In his book Marx For Our Times, Miguel Bensaïd argues that “to de-moralize history … is to politicize it and open it up to strategic conceptualization,” which can “disentangle tendencies and temporalities that counteract without abolishing each other.”13 This raises the possibility of thinking about politics as “the point where discordant times intersect.”14 Furthermore, I would argue that the whole exercise of unsettling time that seems to be the starting point for Amuleto is a literary dramatization of a suggestion Bolaño made in an essay “A Modest Proposal” about re-thinking the political in a way that is not only critical of its supposed past but also of the way its narrative is constantly co-implicating itself with what supposedly cancels it out. It is a simple question that urges us to overturn or question the naturalized order of historical events: What would have happened if…?
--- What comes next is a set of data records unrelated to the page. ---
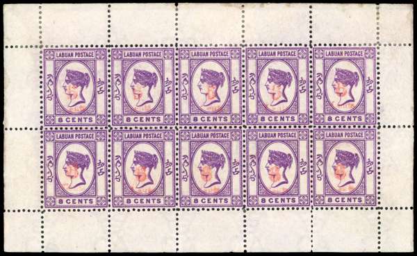 1891-92 6c on 8c mauve, type 10 surcharge in RED, the UNIQUE COMPLETE SHEET OF 10 (5x2), including the variety 'No dot at lower left' on pos. 10, o.g. (six stamps unmounted). A spectacular and beautiful item, ex Ferrary (sale VI, 25/4/23, lot 309) and Hind (Harmer 28/5/34, lot 416), with RPS cert No. 17,787 (not present). SG 36,36b £16,500+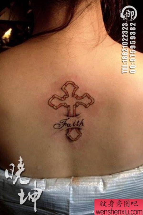女生背部简单唯美的十字架纹身图案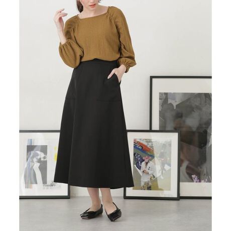 女性らしさが高まるAラインフレアシルエットのスカート。スッキリした腰周りとアウトポケットディティールが、さりげなくスタイルアップに貢献するデザイン。シンプルでどんなトップスにも合わせやすく、デイリーの着回しに重宝します。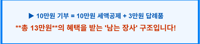 - 10만 원 이하 : 기부액의 100% 전액 세액공제 (지방소득세 10% 포함 시 총 110% 효과)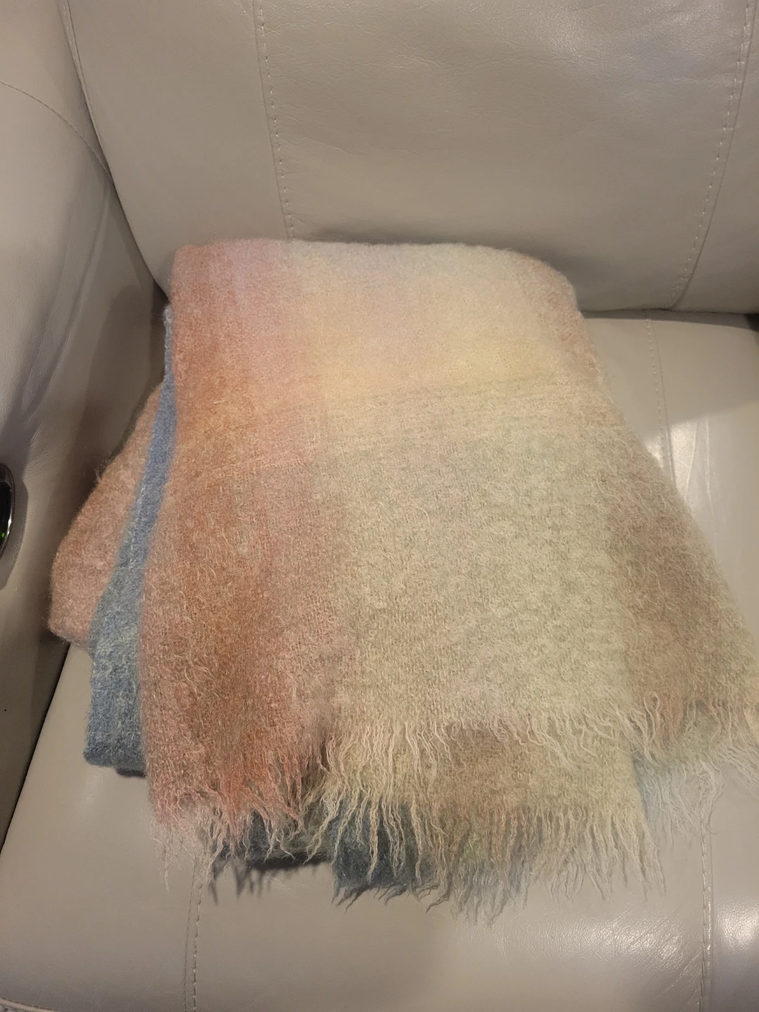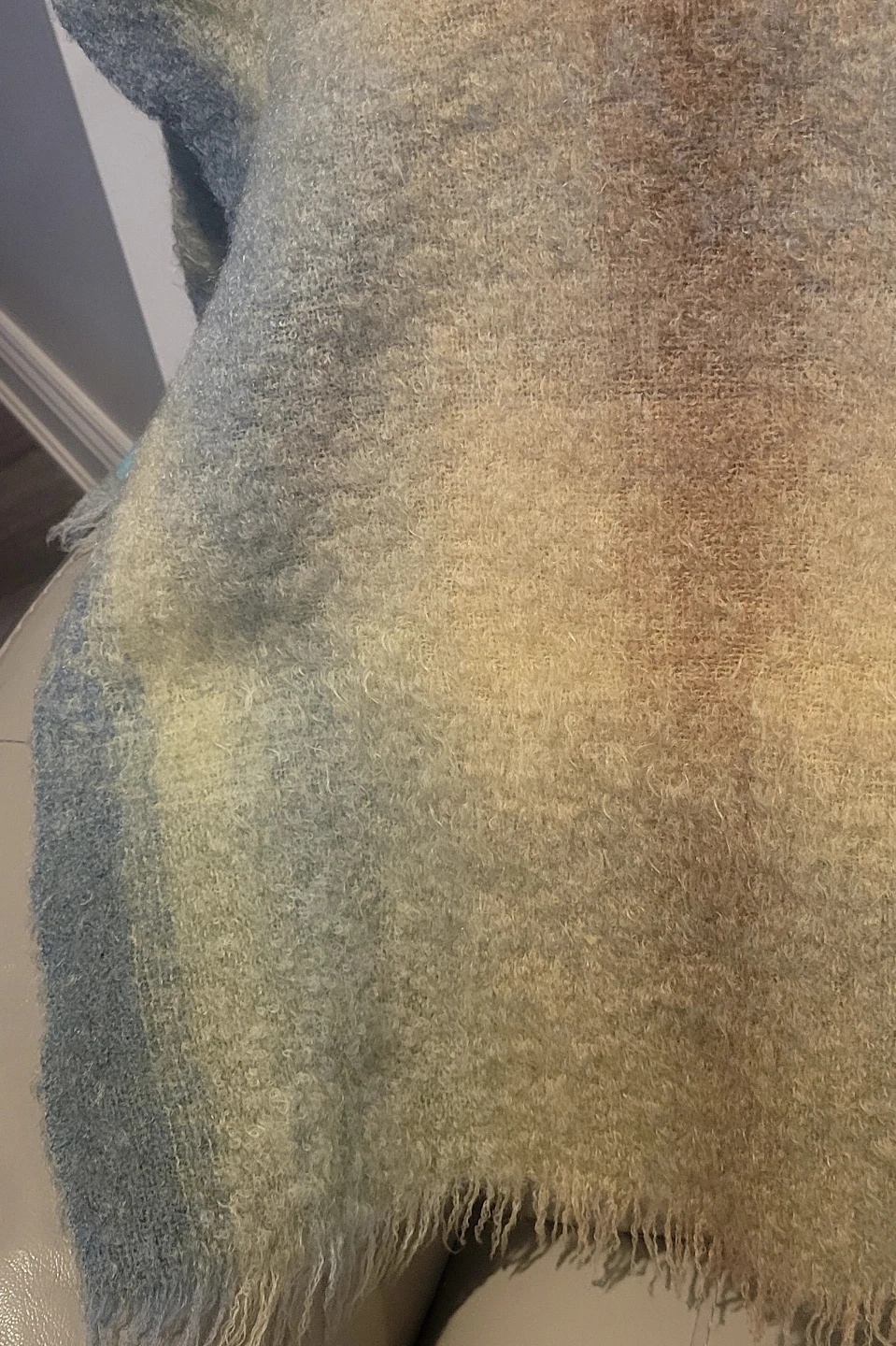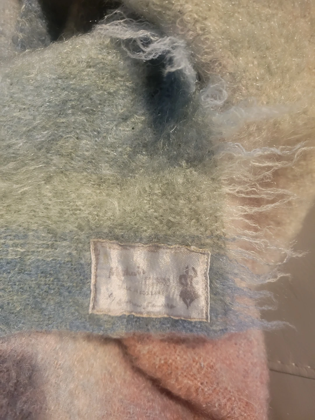 Vintage Pastel Mohair and Wool Throw Blanket. Picnic Blanket.

Sometimes I have the feeling that the animal is trying to tame me. … Sometimes I get the feeling that September 11 wants to break us. Sometimes I get the feeling that September 11 has already irrevocably broken us. What would have happened if September 11 had never existed? It’s a silly question, but sometimes it’s necessary to ask silly questions, or it’s inevitable, or it suits our natural laziness. What would have happened?15

This passage situates us in a crucial framework inside Bolaño’s cynical horizon and his particular view of politics and art, encouraging us to ask about something that both the left and the right continue to exclude from the map: what would have happened if September 11 had not happened? Or if October 2, 1968, had not happened? As Bolaño´s essay tries to make clear in the text, these questions do not mean idealizing the left, but simply glancing away from the dialectical moral of defeat and/or a lesson learned, starting with a question that overturns the timeframe of dominant policy—the very horizon of the question about the past and the wake it leaves in other modes of imagining it in the present. Thus, he encourages us to take the paths of other truncated histories that point to the potential (what did not happen), opening up a unique space in which the critical gaze urges us to re-create the political imagination without reducing it to the primacy of the “now” (what actually happened). That is, it points us towards a way in which the “now” of history (the fiction of facts) is co-implicated in annulling the potential of what did not happen that the “now” attempts to silence, displace, and even exclude altogether.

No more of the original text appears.